### What the exercise asks
The part to set down runs from the first line of the data below through the line with "Dus, Hilda aan", inclusive; write it exactly and leave out the pictures.

### Provided data
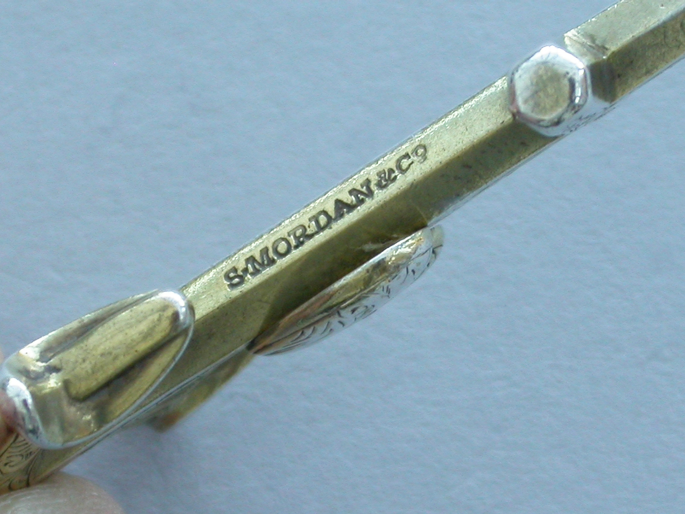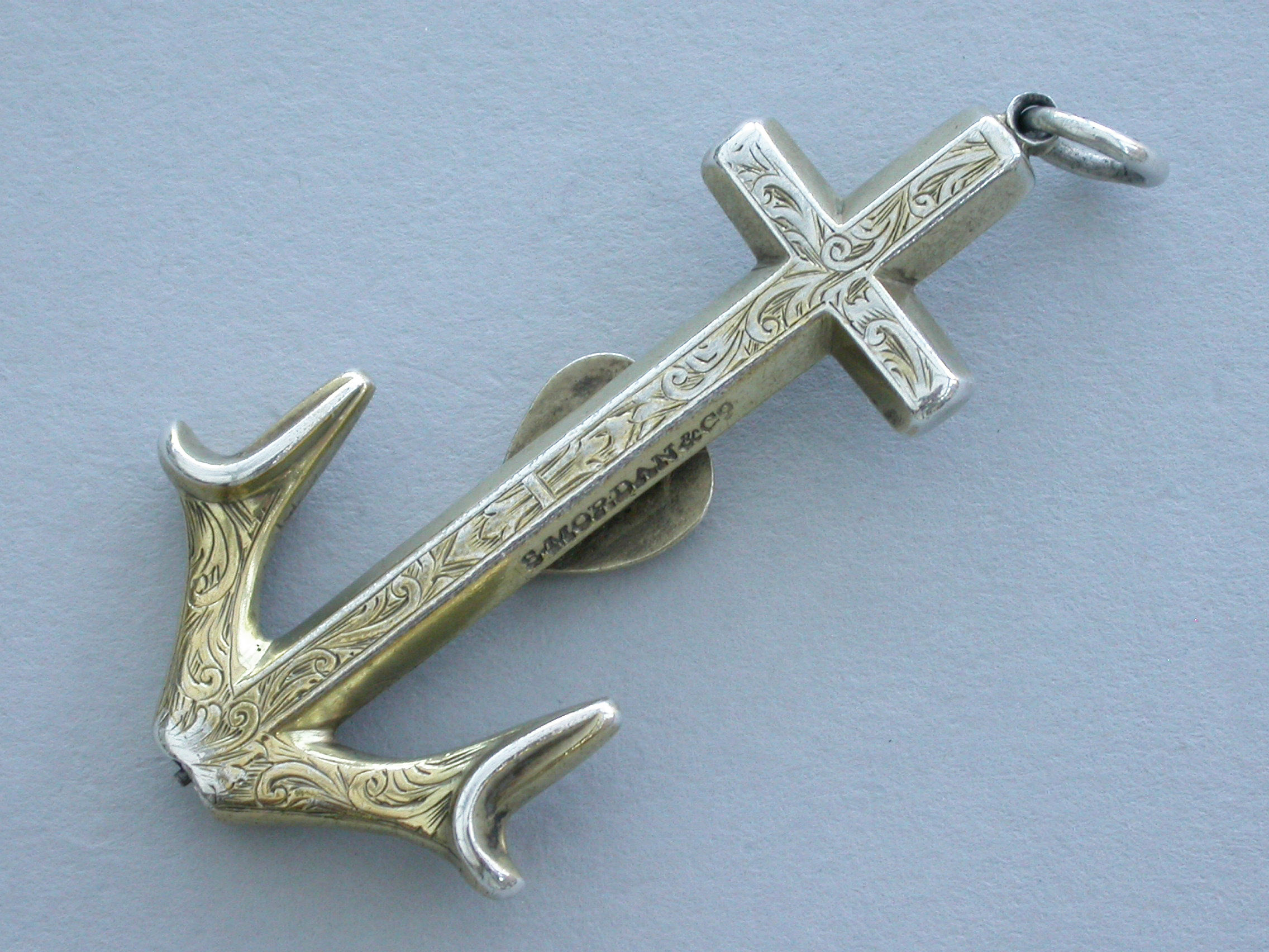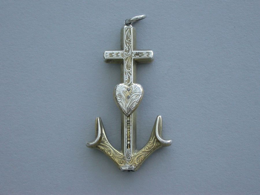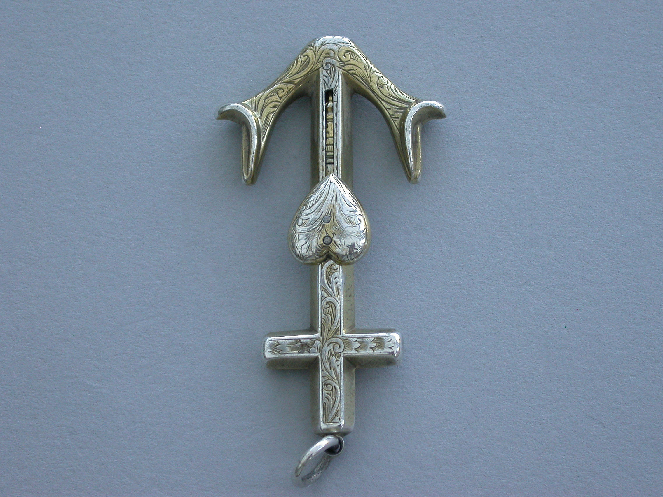 A rare Victorian novelty silver gilt Propelling Pencil made in the form of an anchor/cross/heart (the symbols of Faith, Hope and Charity) with engraved decoration and attached suspension ring. A slide-action mechanism to open.
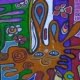 Dus, Hilda aan het werk. Latex, kleurpigmenten in de favoriete kleurtjes van de kinderen, rollers, kwasten, en alle resten acrylverf bij elkaar.
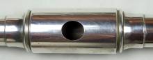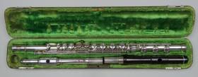 Diese Seite bearbeiten Links hierher Inhaltsverzeichnis Objekt-Nr. 2015-151 Alfred G. Badger, New York / USA Zylindrische Böhmflöte in C, Silber Um 1880 * Erläuterungen zum Inventar siehe Legende Objekt-Nr. 2015-151 Alfred G. Badger, New York / USA Zylindrische Böhmflöte in C, Silber Um 1880 KLANGBEISPIEL 1: Antonin Dvorak, Romantische Stücke Nr.1 op. 75 (mit Holz-Kopfstück gespielt) 182_151_a._badger_mit_kopfstueck_holz_in_a._dvorak_romantische_stuecke_nr._1.mp3 KLANGBEISPIEL 2: Antonin Dvorak, Ballada op. 15 (mit Silber-Kopfstück gespielt) 180_151_a._bager_mit_silberkopfstueck_in_a._dvorak_ballada_op._15.mp3 Konstruktion: Silber. H-Fuss. Kopfstück, Korpus und Fussteil aus gelötetem Silberrohr. Kopfstück mit walzenförmiger Mundlochumkleidung (innen Holz); Mundloch oval. Korkspindel (?) mit Indexstift. Klappendeckel geschlossen. G offset. Gis geschlossen. C/D- und Cis/Dis-Triller. Zusatzhebel für H. C- und H-Klappenhebel am Fussteil in Rollenform. Auflage für lH 1 aus Elfenbein. Unteres Ende des Fussteils trichterförmig erweitert. Zweites Kopfstück aus Kokus-Holz. Masse: Lt 71.2 / Ls 63.0 / DM 19.0; am Ende des Fusssteils 23.0 / ML 11.7 x 10.4 (Silber); 11.7 x 10.0 (Holz) / A1 = ca. 448 Hz Signatur: auf Korpus / (auf schildförmiger Goldplaquette inmitten dekorativer Gravur) W. H. / FURNEY ( Besitzer-Plaquette anstelle der Hersteller-Signatur?) /. Auf Holz-Kopfstück / (Lyra) / A. G. BADGER / NEW - YORK / (Lyra) /. Etui original Zustand: 2 = Silber-Kopfstück mit kleinen Dellen Spieleigenschaften: 3 = heller, strahlender Klang. Intonation sehr gut Seltenheit: 3 Hersteller: Alfred G. Badger (ca. 1815 – 1892) etablierte sich 1845 in New York als selbständiger Flötenbauer. Er trat engagiert für das Böhmsystem ein (u.a. in seiner Publikation ‚History of the Flute‘,1875) und baute entsprechende Instrumente von hoher Qualität. 1859 erwarb Badger von Goodyear die Lizenz zur Verwendung von Ebonite (mit Schwefel gehärteter Kautschuk) im Instrumentenbau und stellte als erster Flöten, resp. Kopfstücke aus diesem Material her. Beim vorliegenden 2. Kopfstück handelt es sich aber eindeutig um Holz (Maserung sichtbar). von admin
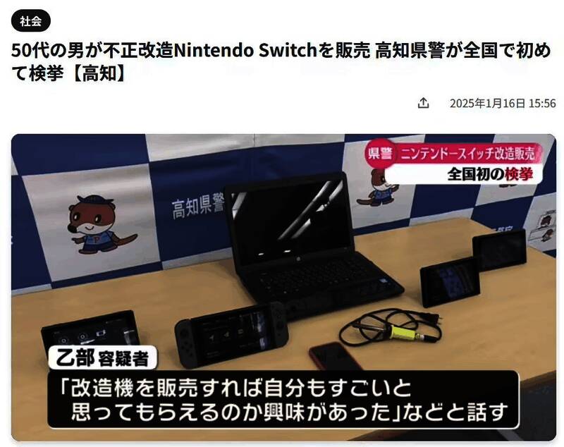 近日据NTV News报道,日本高知县警察逮捕了一名58岁的茨城县龙崎市运输业男性,理由是他销售了改造的Switch,涉嫌违反《商标法》。

### Exercise output
 A rare Victorian novelty silver gilt Propelling Pencil made in the form of an anchor/cross/heart (the symbols of Faith, Hope and Charity) with engraved decoration and attached suspension ring. A slide-action mechanism to open.
 Dus, Hilda aan het werk. Latex, kleurpigmenten in de favoriete kleurtjes van de kinderen, rollers, kwasten, en alle resten acrylverf bij elkaar.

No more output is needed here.